登录查看更多内容

Poor folk's approach to probabilistic forecasting with Python ver. 2 - Input distribution fitting

Dimitri Moler

Reservoir Engineer | 20+ Years in Dynamic Modeling, EOR, CCUS and International Field Development

发布日期: 2022年10月12日

A short offtopic and foreword: while writing the previous article I made a bullish comment about the price of oil and imminent recovery of our wonderful industry. Pretty much the next day or the day after WTI crude plunged by about 6% to eight months low. I do not want to jinx it again, so from now on I'll restrain myself to technical content only :-)

In the previous article I published a simple Python script that was using a discrete input distribution and Monte-Carlo sampling to come up with a continuous distribution or desired probabilistic aggregation of those input parameters. This approach could work reasonably well in case the number of input parameters was large enough. Unfortunately, in case of 2-5 discrete inputs, building a probability distribution function (PDF) with sufficient precision would not be possible.

The workaround would be to fit a continuous distribution into each discrete input, then to resample that distribution following the same Monte-Carlo approach and fit a new PDF into resulting frequency data. As I had a bit of spare time, I could augment my original script following that logic. Below is an illustration of using it for synthetic data set with a short explanation.

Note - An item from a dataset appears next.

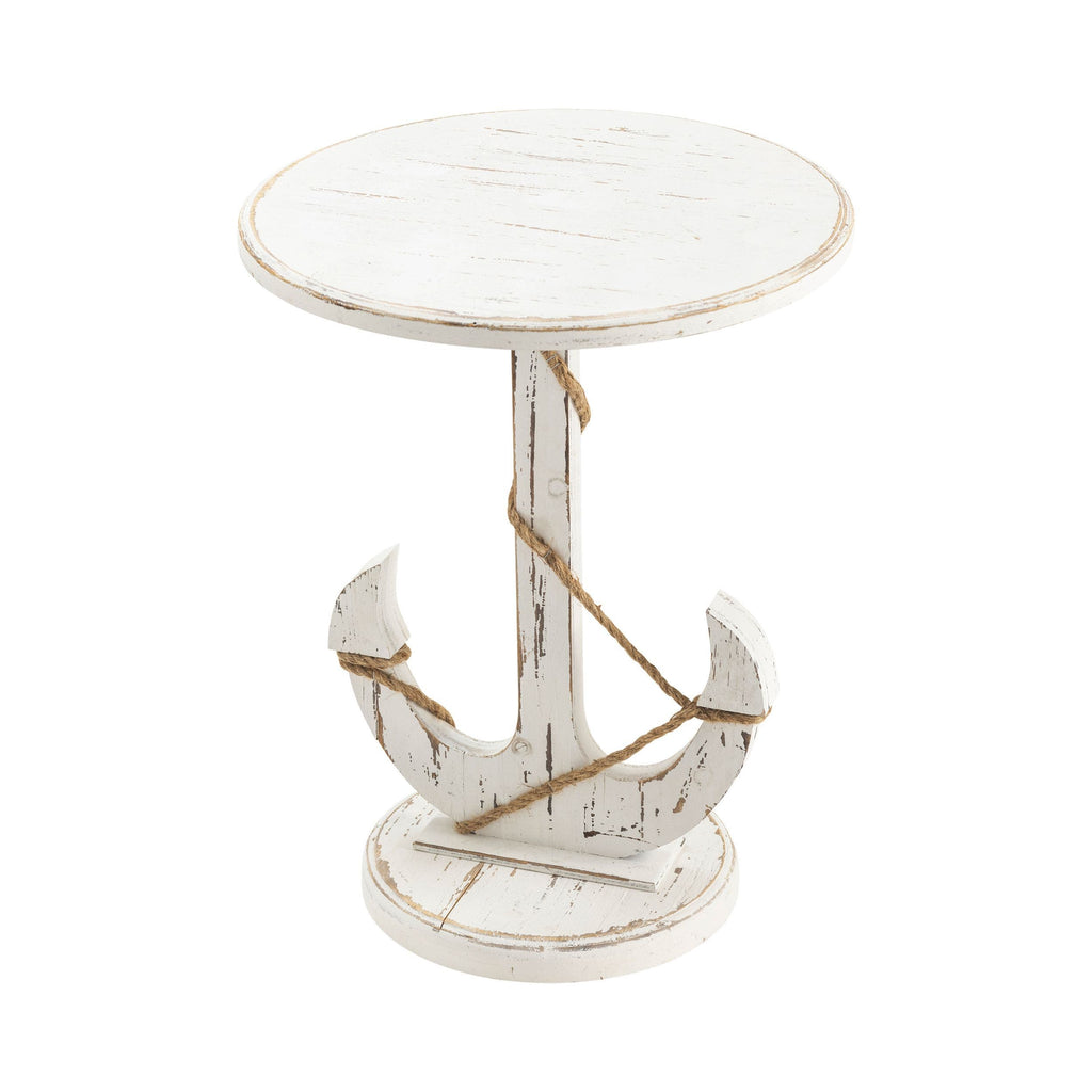 Evoke the sense of a grand journey about to begin, or memories of past adventure with this Crestview Collection Harbor Distressed White Anchor Table. It tucks neatly next to your favorite novel-reading chair for both function and flair. The distressed white finish gives this table the feel of years of coastal breezes, and the perfectly-sized ship anchor support shape below brings the nautical to your home.

Let’s say we need to come up with an aggregated recovery range for a brown field project with five wells. Typically, we define Low, Mid and High case volumes for each well. I am not going to elaborate on how we do it as it pretty much does not matter: Decline Curve Analysis, multiple realization dynamic models, type curve etc. are well known tools and either can be used. Whichever mean gives us that LMH range. Only caveat here is that my expectation for these realization is to have respective probability of 90%/50%/10%. Below is an example of input data (one more time, this is synthetic data - no project confidentiality was violated here):

This table saved as a standard CSV file is pretty much all input the script needs. Provide the path to this CSV file in the line 247 and run the script. Then, the following sequence will be initiated:

- Each volume range will be converted into a continuous distribution (see illustrations below);

- Each input distribution will be randomly resampled;

- A frequency distribution will be built;

- A probability and cumulative distributions will be fitted into the frequency data assuming the best fit;

- Probabilistic volumes corresponding to 90%/50%/10% probability will be extracted and displayed on the final plot;

- All possible deterministic combinations of the discrete input data will be output into an excel file with corresponding probability;

- The only remaining manual step will be to select a desired deterministic combination corresponding to required probability and manually sum up input profiles in Excel.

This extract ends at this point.